[00:00.000 --> 00:18.520]  The next presentation will be by Fabien Choteau.
[00:18.520 --> 00:25.640]  He will give an introduction on formal verification and will learn us how to mathematically prove
[00:25.640 --> 00:36.200]  this error box in your software. Thank you. I need the timer because I have quite a lot
[00:36.200 --> 00:42.960]  of things to say. Hi everyone, I'm Fabien and yet today I want to talk about formal verification,
[00:42.960 --> 00:49.760]  open source formal verification. First the disclaimer, I'm not an expert in formal verification,
[00:49.760 --> 00:55.680]  but I'm a user of this technology. What I'm an expert at is embedded software, but I
[00:55.680 --> 01:00.560]  use formal verification and I will explain later our work in a company that's developing
[01:00.560 --> 01:08.520]  some formal verification solutions. If we look at what Wikipedia says, formal verification
[01:08.520 --> 01:14.760]  is the act of proving or disproving the correctness of intended algorithms using formal methods
[01:14.760 --> 01:24.880]  of mathematics. So in practice, what does that mean? Let's take a very trivial example.
[01:24.880 --> 01:30.760]  If we look at this line of code and we want to prove that it's correct, that it never
[01:30.760 --> 01:36.440]  fails. First we will have to look at what can go wrong. So for instance here we can say
[01:36.440 --> 01:42.640]  well there's potentially a division by zero, right? That's bad. So if we want to prove
[01:42.640 --> 01:51.360]  that the line is correct, we have to prove that x minus 10 is different from zero, which
[01:51.360 --> 02:00.880]  in terms means we have to prove that x is different than 10. This is known as a verification
[02:00.880 --> 02:10.040]  condition, something that has to be true for our program to be correct.
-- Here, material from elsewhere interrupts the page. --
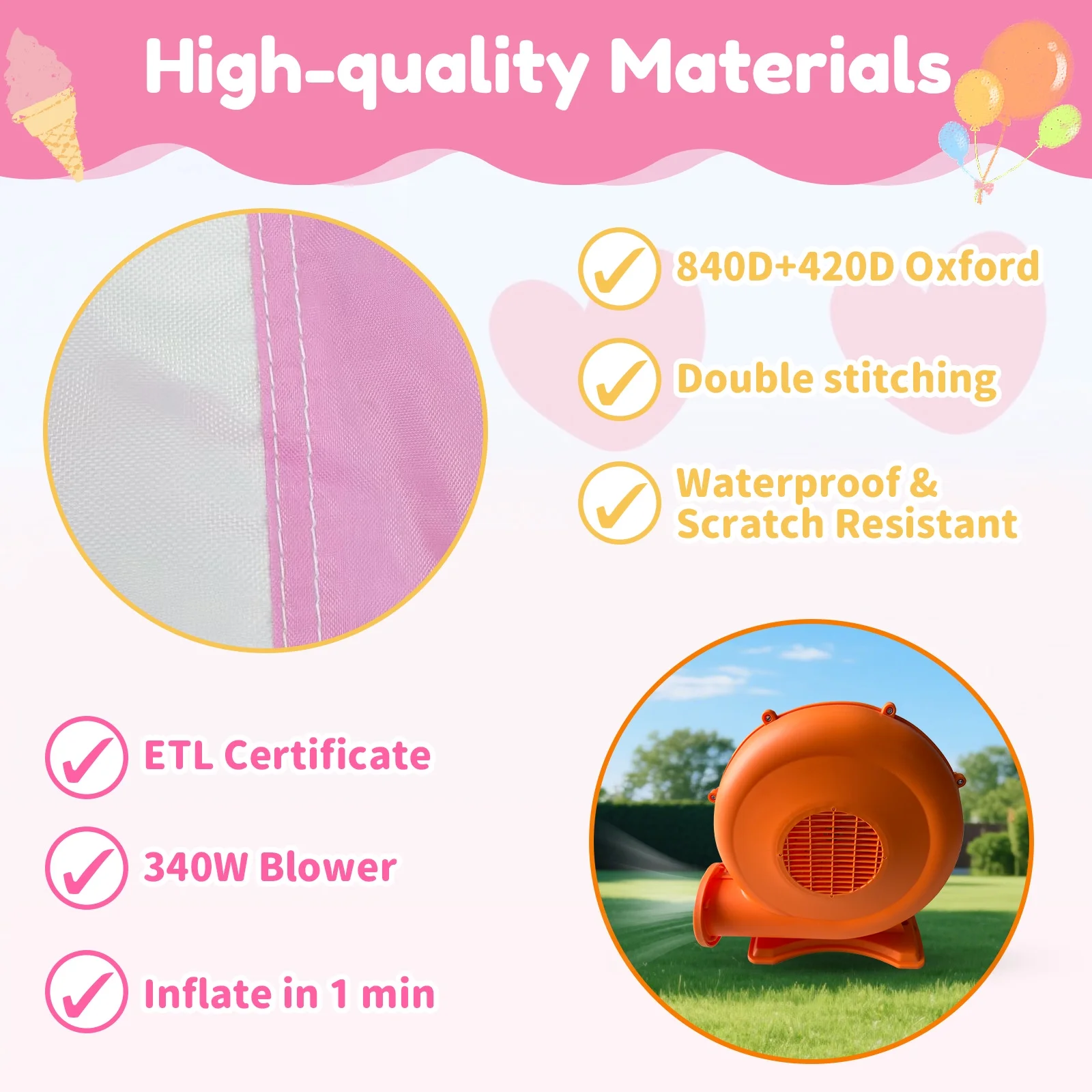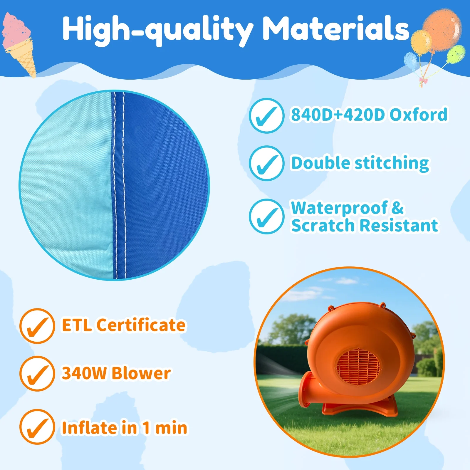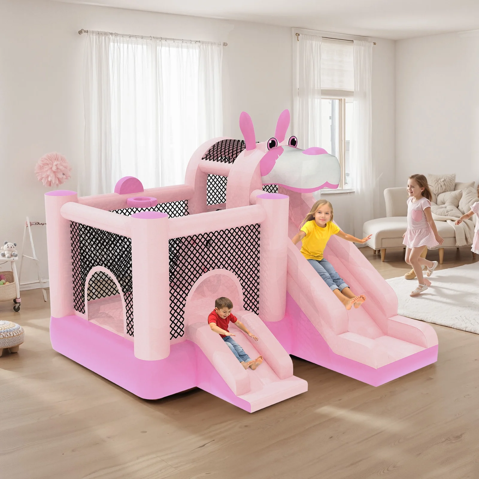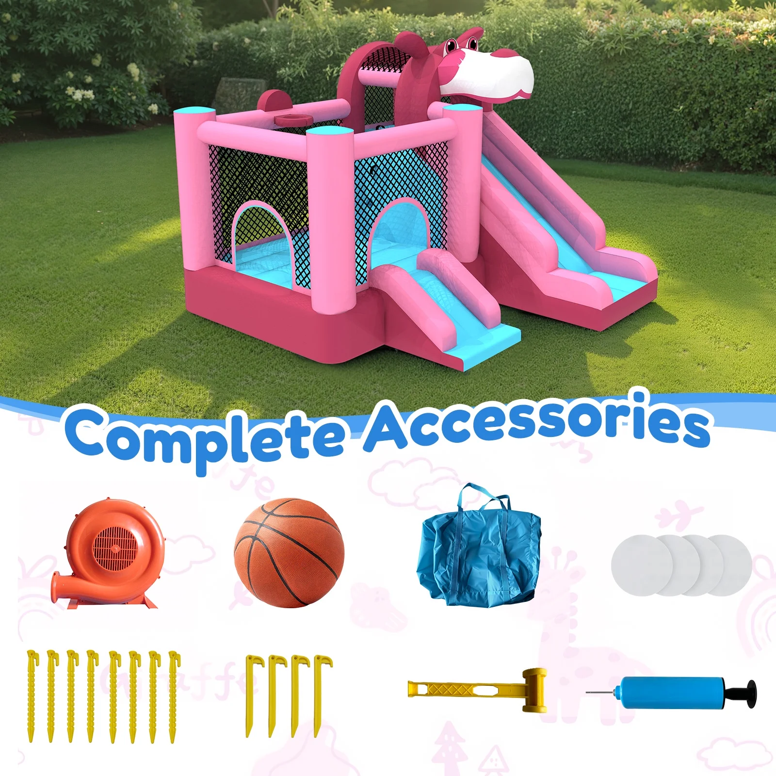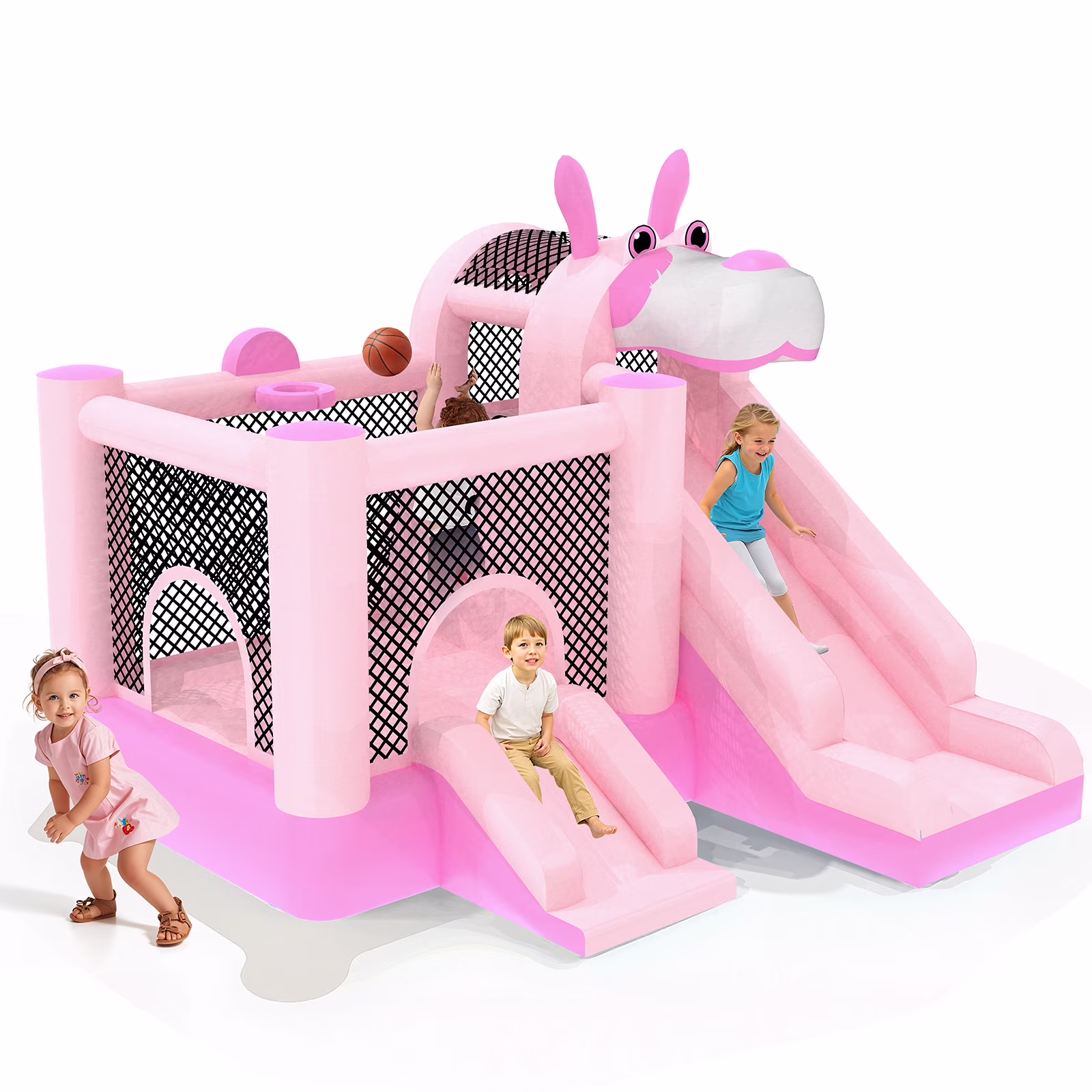 - ??��3-in-1 Design for Infinite Fun��: This inflatable castle features a spacious jumping area and a smooth slide that add an extra element of thrill and adventure. In addition, the built-in basketball hoop allows kids to practice shooting skills and engage in friendly competition.

Now if we look
[02:10.040 --> 02:16.800]  at this line of code in a context, just a trivial example, here we see that there is
[02:16.800 --> 02:22.720]  an if statement that's guarding the expression. So we know that x is always different from
[02:22.720 --> 02:29.160]  10 and therefore we know that there's no possible division by zero in this piece of
[02:29.160 --> 02:37.840]  code. So that was easy, right? But now let's look at another very trivial piece of code.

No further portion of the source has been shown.